A total of 82 articles were identified by indexing in Scopus and PubMed. After the inclusion criteria were applied, 35 studies were selected, and the articles were assessed for eligibility; ultimately, only 25 studies were included. Most of the selected studies used SCs from human and mouse bone marrow labeled with magnetic nanoparticles alone or combined with fluorophore dyes. These cells were administered in the stroke model (to treat middle cerebral artery occlusion in 74% of studies and for photothrombotic induction in 26% of studies). Fifty-three percent of studies used xenogeneic grafts for cell therapy, and the migration homing and tracking evaluation was performed by magnetic resonance imaging as well as other techniques, such as near-infrared fluorescence imaging (12%) or bioluminescence assays (12%).

Research conclusions

Our systematic review provides a comprehensive, up-to-date evaluation of the SC migration and efficacy of cellular therapy for brain injury.

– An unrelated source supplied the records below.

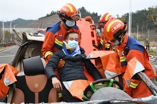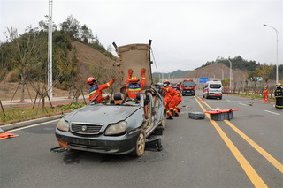 人民網定南2月9日電 近日,為提升消防救援隊伍車輛救援事故處置水平,有效加強各部門之間的聯動配合、協同作戰、應急處置能力,江西省定南縣消防救援大隊聯合縣交警、醫療等部門在清華大道開展交通事故綜合救援實戰演練。
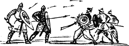 На поляне встретились они с древлянским войском. Святослав метнул копье, которое держал наготове. Брошенное слабой детской рукою, оно пролетело между конскими ушами и упало тут же, у ног коня.
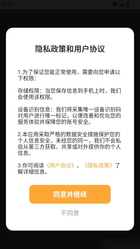 1. 首先打开软件,仔细阅读隐私政策与用户协议,确认无误后点击“同意并继续”按钮以启动软件
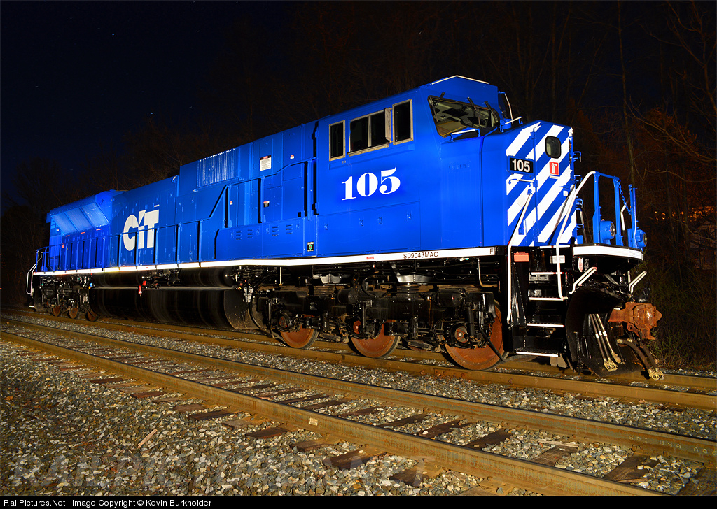 | Vermont Rail System has traded out CEFX (CIT) SD9043MACs, sending the CEFX 130 north to CAD in Lachine, Quebec, while in turn receiving the CEFX 105 FROM Lachine this week. The CEFX 105 in fresh blue CIT paint is seen on the controlled siding of the NECR Palmer Subdivision after acceptance for delivery by the Vermont Rail System. |
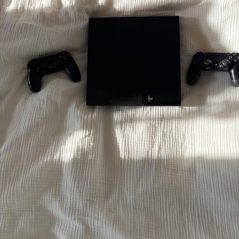 Sony Playstation 4 spelkonsol svart med två handkontroller och FIFA-spel
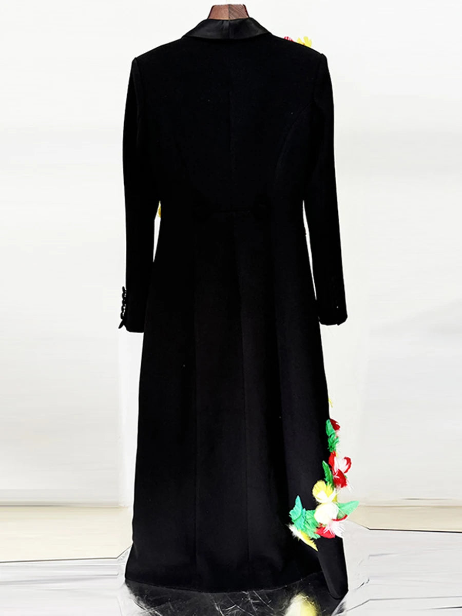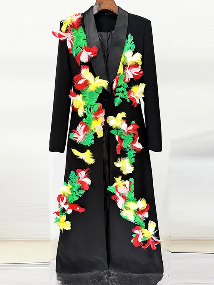 Trend4us Luxe Feather Appliqué Statement Long Blazer Coat
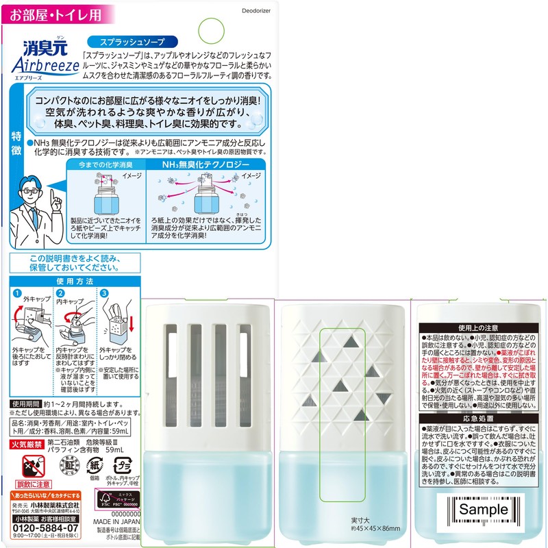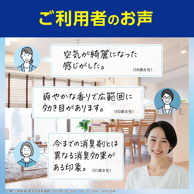 - Even though it is compact, it completely deodorizes various odors. It spreads a refreshing scent like the air is washed, and is effective for body odors, pet odors, cooking odors, and toilet odors. NH3 Odorless Technologology Plus reacts to ammonia ingredients that float in the air and deodorizes a chemical over a wide range than previous models. Compact type room toilets. A clean floral fruity fragrance. Lasts approximately 1 to 2 months (depending on usage environment)

Cellular therapy demonstrated considerable efficacy with regard to the functional and structural evaluation, as well as the differentiation of the cells in the late stage of evaluation (after 7 d of cell implantation), using protein molecular and other tests.

Research perspectives

In summary, a long clinical follow-up is necessary in combination with the use of the homing imaging technique as the gold standard to address the gap between the clinical application and the preclinical cellular therapy outcome. Thus, the prescription of SCs labeled with SPION according to this review may help improve future clinical trials.